In particular, I'm having trouble seeing why if $m\in M$, there some reason that it should break into a parts which are annihilated by powers of $p$ and $q$, respectively.
Without any other assumptions on $M$, I'm not sure how to proceed. My first thought was to try to define a map $M_p \oplus M_q \rightarrow M$ by $(m_1 ,m_2) \mapsto m_1+m_2$, but it's not clear to me that that's even surjective.
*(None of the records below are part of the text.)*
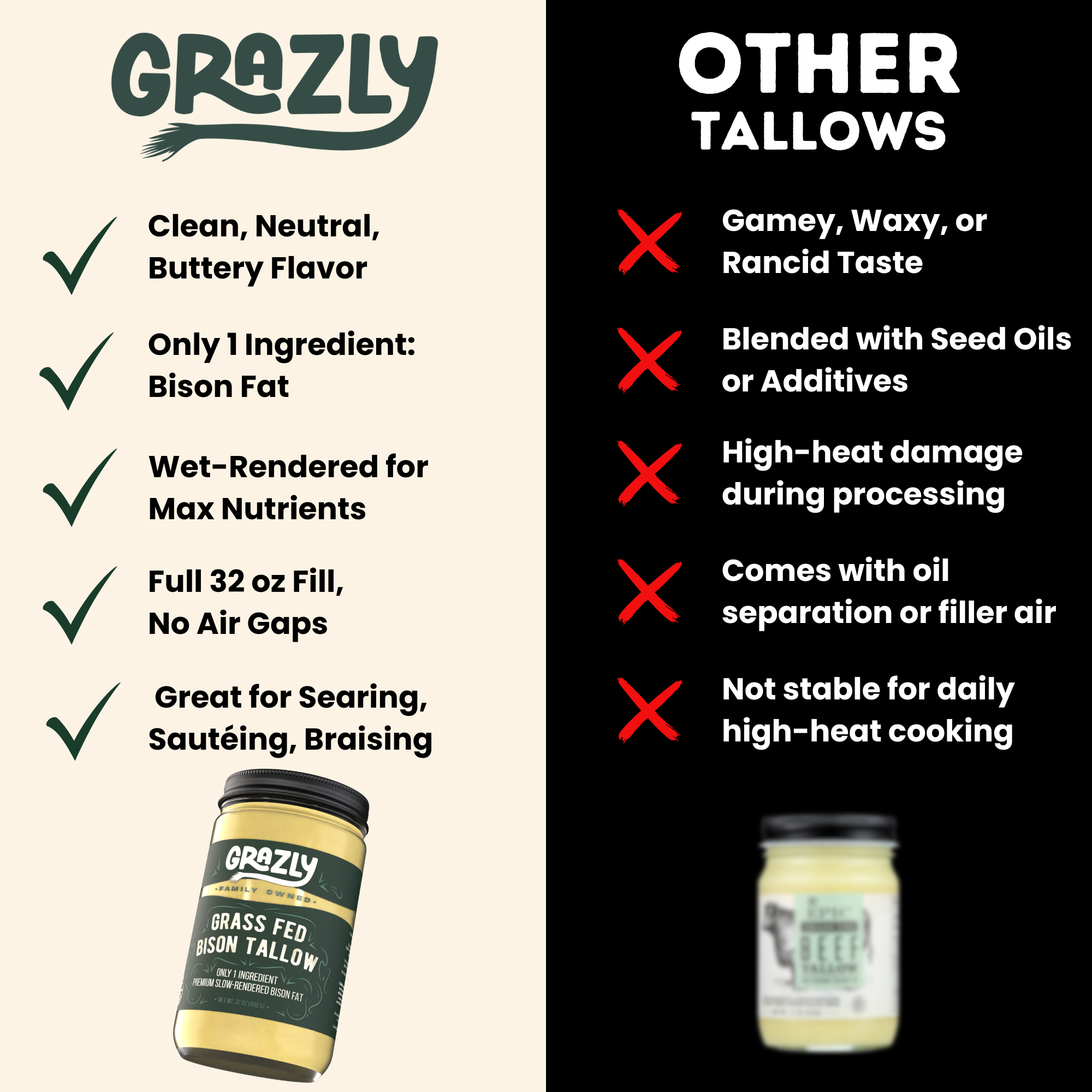 - Product Name: Bison Cooking Tallow - 100% Grass-Fed & Finished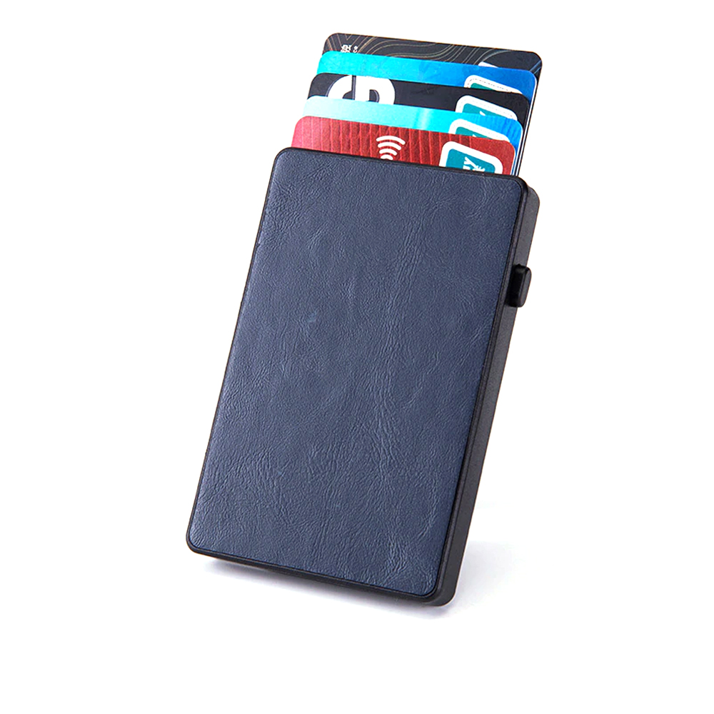Современный практичный способ хранить и использовать банковские карты – держатель Amir с приятным покрытием из искусственной кожи. Бокова кнопка позволяет легко извлекать карты из бокса с защитным покрытием против копирования данных. Может вместить 5 карт, информация носит справочный характер, поскольку количество вмещаемых карт зависит от их толщины.- Виды нанесений: Тиснение, УФ-печать, Тиснение фольгой, УФ-Лак, УФ-Цвет+Лак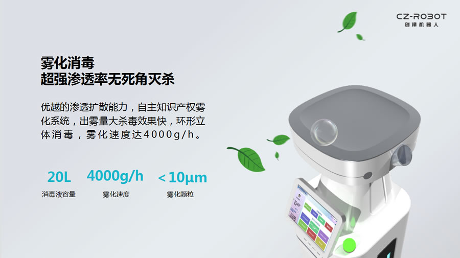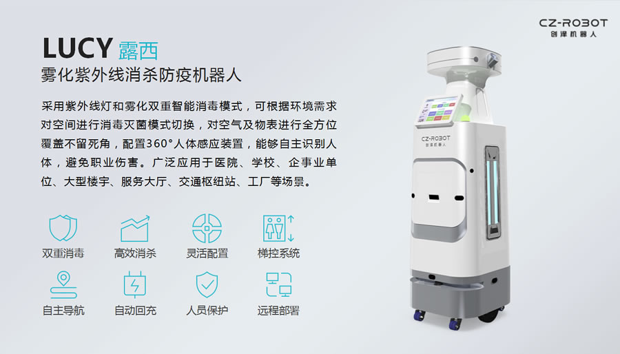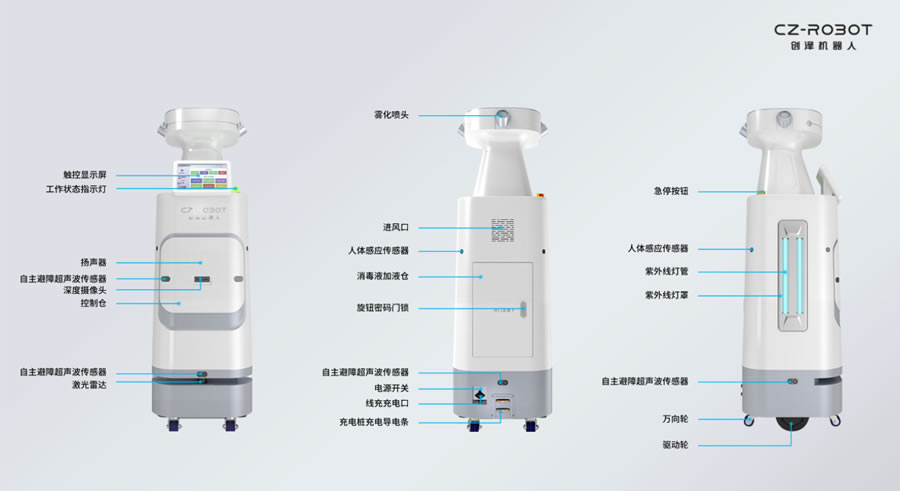 創(chuàng)澤消毒機器人擁有自主導(dǎo)航技術(shù),能夠根據(jù)設(shè)定的路線自主移動,滿足房間多或者布局復(fù)制的室內(nèi)環(huán)境下自動、定時、準確的消毒需求。可實現(xiàn)等離子消毒、紫外線消毒、地面消毒等多模式智能消毒,配有“人機共存”和“無人消毒”兩種消毒模式,使消毒更具人性化。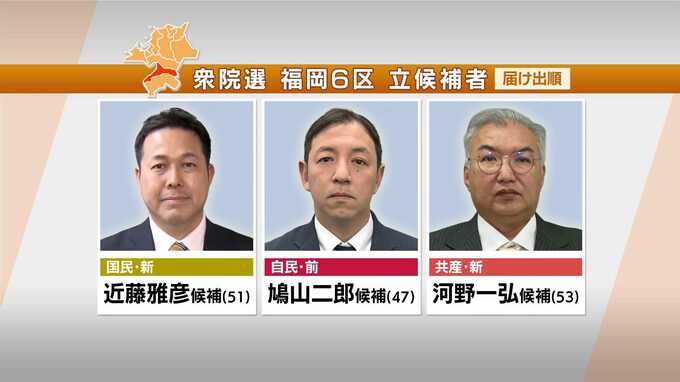 衆議院選挙2026 【衆議院選挙】終盤情勢 福岡選挙区と佐賀選挙区 JNN調査 2026年2月5日(木) 18:18 国内 暮らし・マネー 福岡6区 久留米市などを選挙区とする福岡6区は、自民・前職が新人2人を大きくリードしています。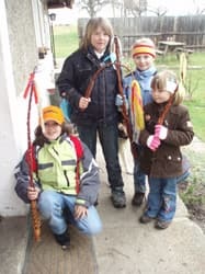 Er is hier een traditie dat een week voor de Pasen de meisjes uit het dorp langs de deuren gaan met een zweepje, ze zingen dan een liedje en tikken dan met het zweepje op de mannen hun achterwerk en krijgen dan als dank een lekker snoepje, dus Larissa kwam met een hele zak vol snoep thuis, deze traditie wordt over een week door de mannen herhaald en gaan dan ook langs de deuren, dit is voor de ouderen ook een mooie aanleiding om hier aan mee te doen want ze krijgen bij iedere deur een lekkere borrel, dus is de kans groot dat er dan iemand op zijn knieën naar huis gaat.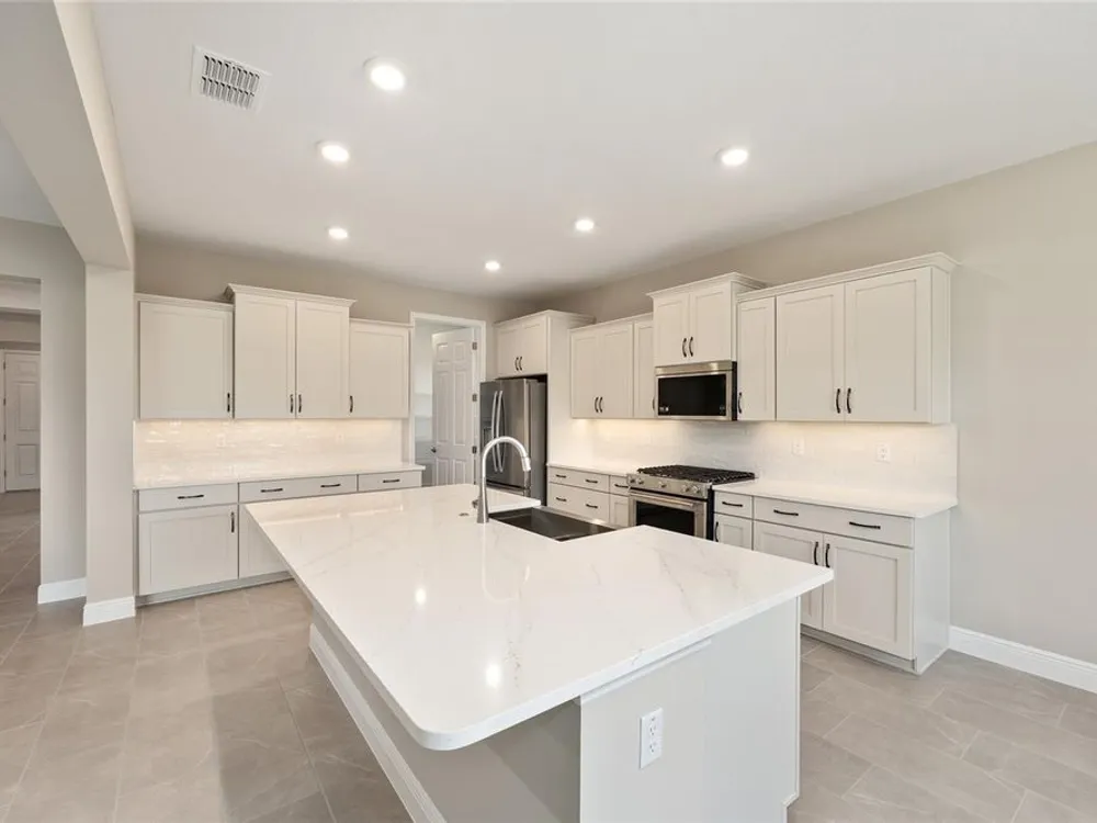 Welcome to this beautiful, move-in ready Beaumont model, designed with comfort, convenience, and Florida living in mind. This brand new home features 2 bedrooms, 2 bathrooms, a spacious great room, and a flexible floor plan that fits your lifestyle. The heart of the home is bright and open, with a comfortable great room that flows into the breakfast area, creating an ideal space for everyday living or casual entertaining. The kitchen is modern and inviting, perfect for everything from quiet mornings to hosting guests. Wood-look tile runs throughout the main living areas, offering a stylish and durable foundation. The flex room gives you options for a home office, hobby space, or reading nook, while the full laundry suite adds everyday ease. The 2-car garage includes a dedicated golf cart space, giving you plenty of room for storage and convenience. Tucked into a gated 55+ community known for its exceptional amenities and welcoming atmosphere, this home is ready for you to settle in and enjoy the lifestyle you've been waiting for.

By Bezout's identity (or by applying the PID property), there are $a,b\in R$ such that $ap+bq=1$. Then, take an appropriate power of it: $$a^3\,p^3+3a^2b\,p^2q+3ab^2\,pq^2+b^3\,q^3=1$$
For any $m\in M$, we have $p^3m,\,p^2q\,m\in M_q$ and $pq^2m,q^3m\in M_p$, so the above sum will yield a decomposition of $m\in M_q+M_p$.
It remains to prove that $M_p\cap M_q=\{0\}$.
Suppose $m\in M_p\cap M_q$, that is, $p^\alpha m=q^\beta m=0$ for some $\alpha,\beta\ge 0$.
Then the above trick can be applied again, by taking an appropriate power ($\alpha+\beta$) of the identity $ap+bq=1$, so that each term on the left should be a multiple of either $p^\alpha$ or $q^\beta$. That will give $m=0$.